No convolutions: Instead of applying kernels locally (as in CNNs), Transformers attend to tokens across the entire sequence. Convolution-like behaviors can sometimes emerge in certain attention patterns, but it is not a structural requirement.
Reliance on positional information: Since the Transformer processes all tokens in parallel, it needs an explicit way of encoding token positions. This is handled by positional encoding or learned position embeddings.
Multi-head design: Each attention layer is split into multiple heads. Each head can "focus" on different parts of the sequence, capturing diverse patterns.

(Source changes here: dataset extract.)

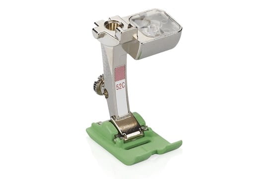 Straight Stitch Foot with Non-Stick Sole #53 makes it easier to sew “sticky” materials, ensuring an even, pucker-free straight-stitch.
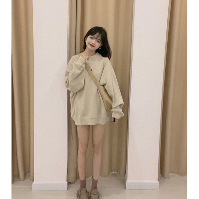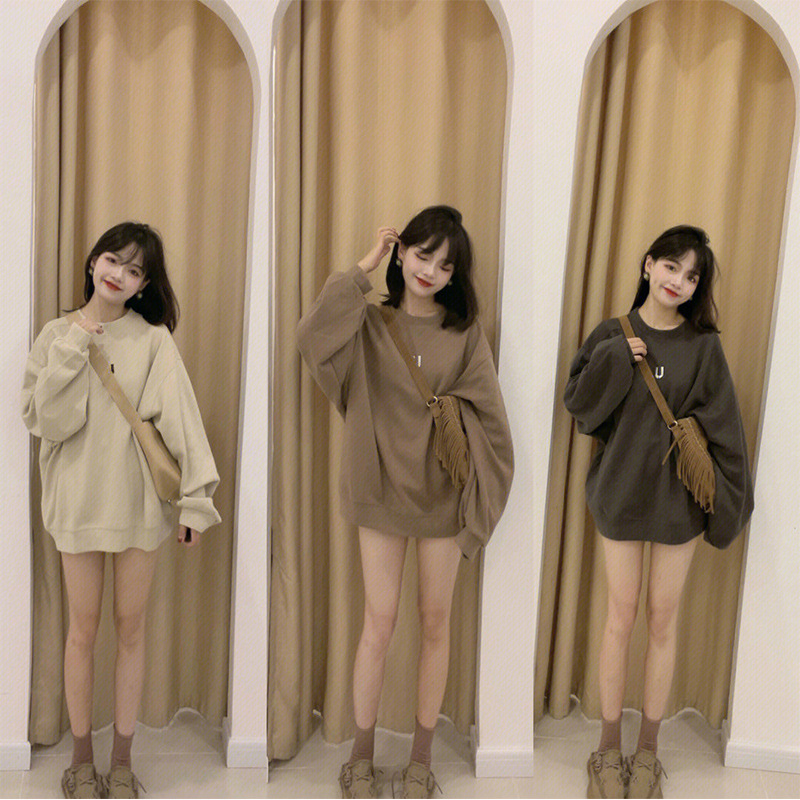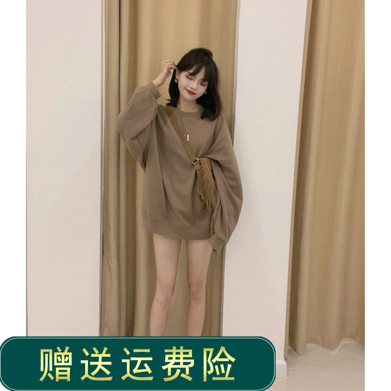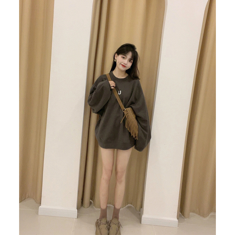 Women’s American-style Retro Mid-length Hem Covering Ass oversize Shoulder Large Loose Top for Spring and Autumn

Parallelization advantages

Because each token can be processed independently (apart from the attention mechanism's matrix multiplications, which themselves are highly parallelizable on GPUs and TPUs), Transformers make much more efficient use of modern hardware. Training times for large datasets can be drastically reduced compared to RNNs, as we are no longer forced to wait on hidden state computations for each position in the input. This is why Transformers have become so central to large-scale language models that require tens or hundreds of billions of parameters.

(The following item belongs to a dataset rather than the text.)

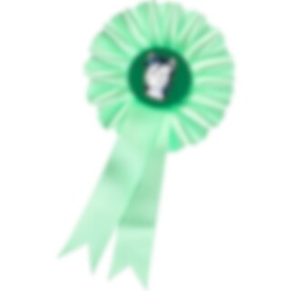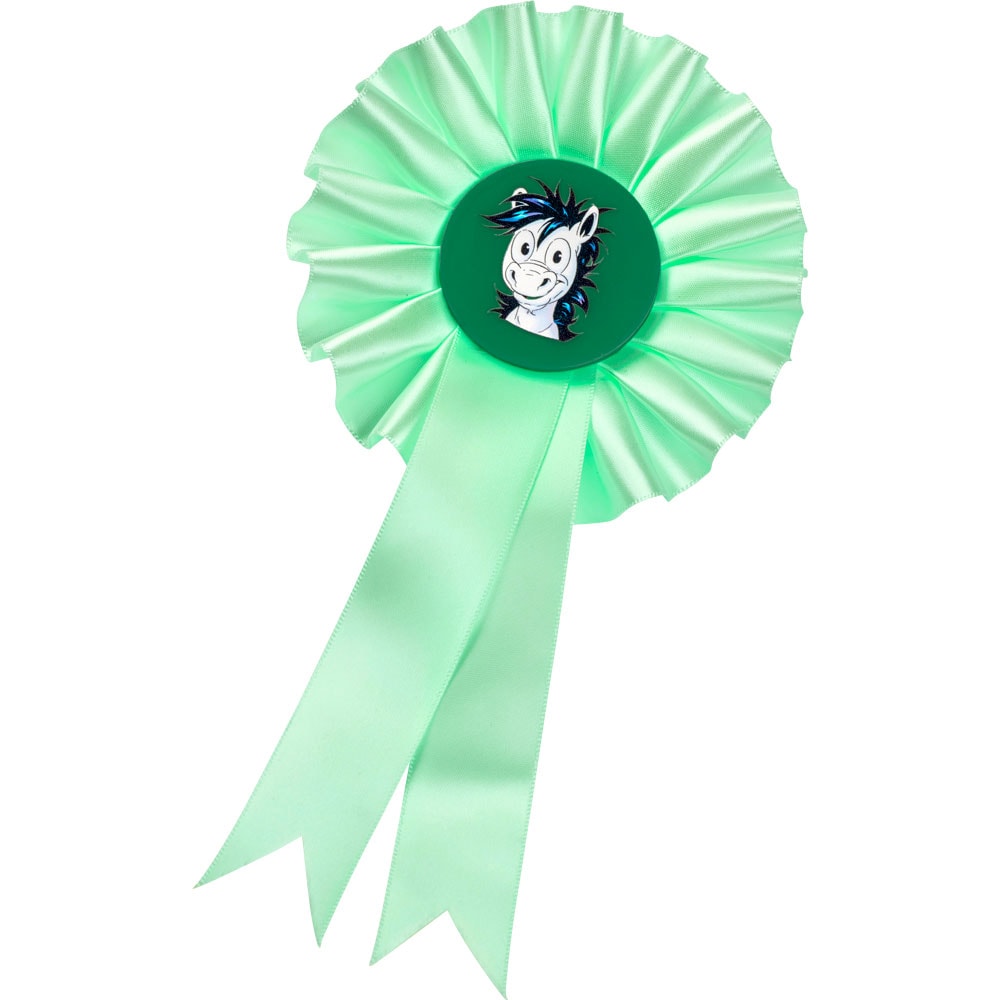Ruusuke, jonka keskellä Mulle-kuva. Mukana toimitetaan kiinnitysklipsit, jotka sopivat suitsiin/riimuun. Kokonaispituus: 20 cm, leveys: 10 cm.

Transformer architecture overview

Encoder-decoder structure

A standard Transformer (Vaswani and gang, 2017) includes two main blocks:

Encoder: Processes the input sequence and produces a sequence of hidden representations (of the same length as the input).
Decoder: Generates output tokens one by one (for sequence generation tasks), attending to both its own previously generated tokens (through masked self-attention) and the encoder outputs (through encoder-decoder attention).

Conceptually, this mirrors earlier sequence-to-sequence models that used RNN encoders and decoders. The significant difference is that both the encoder and decoder are built entirely around self-attention (plus feed-forward layers), rather than RNN or CNN cells.

Flow of information

Consider a machine translation task from a source language to a target language:

Encoder: The input tokens are converted to embeddings and enriched with positional encodings so the model knows the order of words. Then, each encoder layer refines these embeddings by applying self-attention (where every token can attend to every other token in the input) and feed-forward transformations.
Passing to decoder: The output of the final encoder layer is a set of contextual embeddings representing each position in the source sentence. These embeddings are fed into the decoder.
Decoder: For each token in the target sequence as it's being generated, the decoder first applies a masked self-attention mechanism (so the model cannot "peek" at future tokens). It then attends to the encoder outputs, finally passing the result through a feed-forward layer and output logits.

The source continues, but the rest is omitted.